That’s not talking about Alan Greenspan. That’s talking about the difference between God in His existence
and being. The ontological Trinity is
conceived of as the Trinity before creation, no plan of salvation being
executed, no fall visible, just God. In
that situation you have the ontological Trinity.
The
economic Trinity is the description of how the Trinity work [singular] in the
plan of salvation. In 2 Cor. 13 the
qualifications that are introduced in that benediction refer to the economic
Trinity, watching the Trinity doing things, particularly doing things in the
plan of salvation. Notice what is
ascribed to each of the three persons.
“The grace of our Lord Jesus Christ,” grace comes to central focus in
the person of the Son, “the love of God,” for “God so loved the world He gave
His only begotten Son, so the Father is grace too but the idea is that the love
motivates, is behind the plan, “and the fellowship of the Holy Spirit,” He’s
the one that brings it to us as individuals, always glorifying Jesus Christ,
never drawing attention to Himself. That’s why the Holy Spirit doctrine is so
difficult, because He doesn’t ever make Himself an issue; He makes the Lord the
issue. It’s a model of what we should
be doing. There’s the Trinity, there’s
the Old Testament and New Testament evidences.
What
we want to do in conclusion, if you’ll follow in the notes on pages 9-10 I’m
going to show you how the Trinity [blank spot] … centuries of thought and
they’re not casual. These words are not
casual. “The Nicene Creed as usually recited in Western churches says,” look at
the titles; we’re not focusing so much on the deity of Christ as the whole
Trinity itself. “I believe in one God the
Father Almighty, maker of heaven and earth, and of all things visible and
invisible.” See, there’s the First Person, the First Person is put first. “And in one Lord Jesus Christ, the
only-begotten Son of God: Begotten of His father before all words [God of God],
Light of Light, [Very God of Very God, Begotten, not made,]” and there’s the
strong deity, they’re using every way… those poor people that wrote that Nicene
Creed, they’re trying to get away from Arianism, so they’re doing everything
they can.
I
want to draw your attention to one phrase, underline the phrase “ Begotten, not
made,” because every heretic in Church history camps on the word “Begotten,”

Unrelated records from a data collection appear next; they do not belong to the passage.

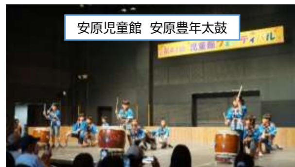
安原児童館 安原豊年太鼓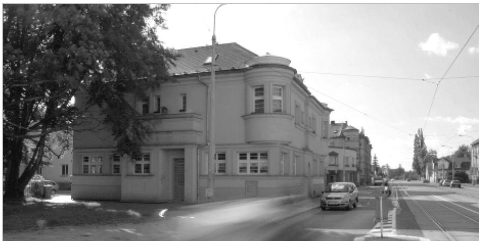
Pohled na knihovnu od tramvajové zastávky na Závodní ulici. Vlevo ve dvoře je parking

Příznávám se Vám upřímně, že nás moc mrzí, že za těch 5 let naše služby nevyužil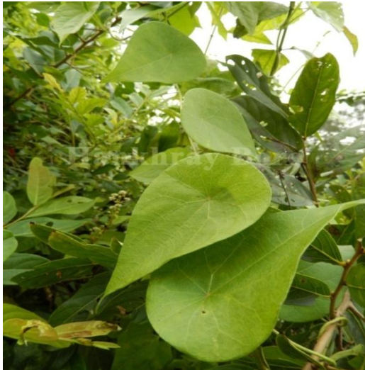
5. Stephania japonica Thunb.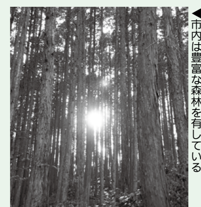
▲市内は豊富な森林を有している

森林をはじめとする身近な緑は、きれいな空気や水を供給し、国土を災害から守り、多くの恵みをもたらしてくれています。緑の募金は、一人一人が緑に親しみ健全で豊かな心を育む環境づくりを進め、緑豊かな郷土づくりなどの活動支援を目的として行われているものです。市では、緑化木の無償配布や小・中学校の緑化少年団の活動などに活用されています。また緑の募金は、東日本大震災の復興事業にも役立てられています。皆さんの協力をお願いします。 □募集期間 春募金=5月30日(金)まで 秋募金=9月1日(月)～10月31日(金)まで □窓口 農林課、市内各振興事務所 □問合せ 農林課(内線529)

and what do you suppose heretics do with that word? Make Jesus created, He’s begotten. We’ll get to that in just a moment, why did the fathers put
“begotten” in the Creed then if it caused so many problems. They had a reason. “Begotten, not made,” they had to put that “not made” on there so
that it would knock out the false idea that begetting means He was made. So they had to put that in there to correct
it. “…Being of one substance [essence] with the Father; by whom all things were
made….” So that last clause elevates the Lord Jesus Christ to what role? It makes Him the Creator of the universe.
Now
look what they do with the Holy Spirit.
“And [I believe] in the Holy Ghost,” the Holy Spirit, “the Lord and
Giver of Life, who proceedeth from the Father [and the Son]; who with the
Father and the Son together is worshiped and glorified.” The key word to underline there that has
caused problems down through history is “proceedeth.” And you’ll note in
brackets “[and the Son]”, that’s that [can’t understand word] clause that we
spoke of earlier. That’s the clause
that separated the Eastern Church from the Western Church. That’s the clause that made Russian Orthodox
Church the forerunner of communism, because what it did was it demeaned, “and
the Son,” now you have the Holy Spirit sent from the Father, the Son has
nothing to do with it, the Son is sort of a minor person of the Trinity, and
wherever Jesus Christ was small, what expands to fill His place? The
state. So in societies where you have a
weak Christology, and the Russian Orthodox Church has always had a weak
Christology, the Greek Orthodox has had a weak Christology, because they’ve all
dropped out this [can’t understand word] clause. So these little brackets, this really has a lot of implications.
Article
1 of the Episcopalian Creed, the Anglican Church. The Anglican Church shows Reformation thinking because Henry,
while he was trying to mess around with all of his wives, he did one good
thing, he decided that he didn’t know what he was doing in the Church so he
sent down to Geneva and got some people to come from Geneva up there and give
some theology to the Church of England.
“There is but one living and true God, everlasting, without body, parts,
or passions; of infinite power, wisdom, and goodness, the Maker, and Preserver
of all things both visible and invisible. And in the unity of this Godhead
there be three Persons, of one substance, power, and eternity; the Father, the
Son, and the Holy Ghost.” So there’s
another great creed trying to come to grips with the doctrine of the Trinity.
The
Westminster Confession of Faith is probably one of the most debated and refined
creeds. We wouldn’t agree with everything in the Westminster Confession of
Faith, particularly its eschatology, but on the other hand it’s a very powerful
thing. You remember that when you hear
Tom Brokaw on NBC, at Princess Diana’s funeral, looking down the corridors of
Westminster Cathedral and saying, ah, there’s never been something like this in
Westminster Cathedral before Princess Diana’s funeral. Excuse me!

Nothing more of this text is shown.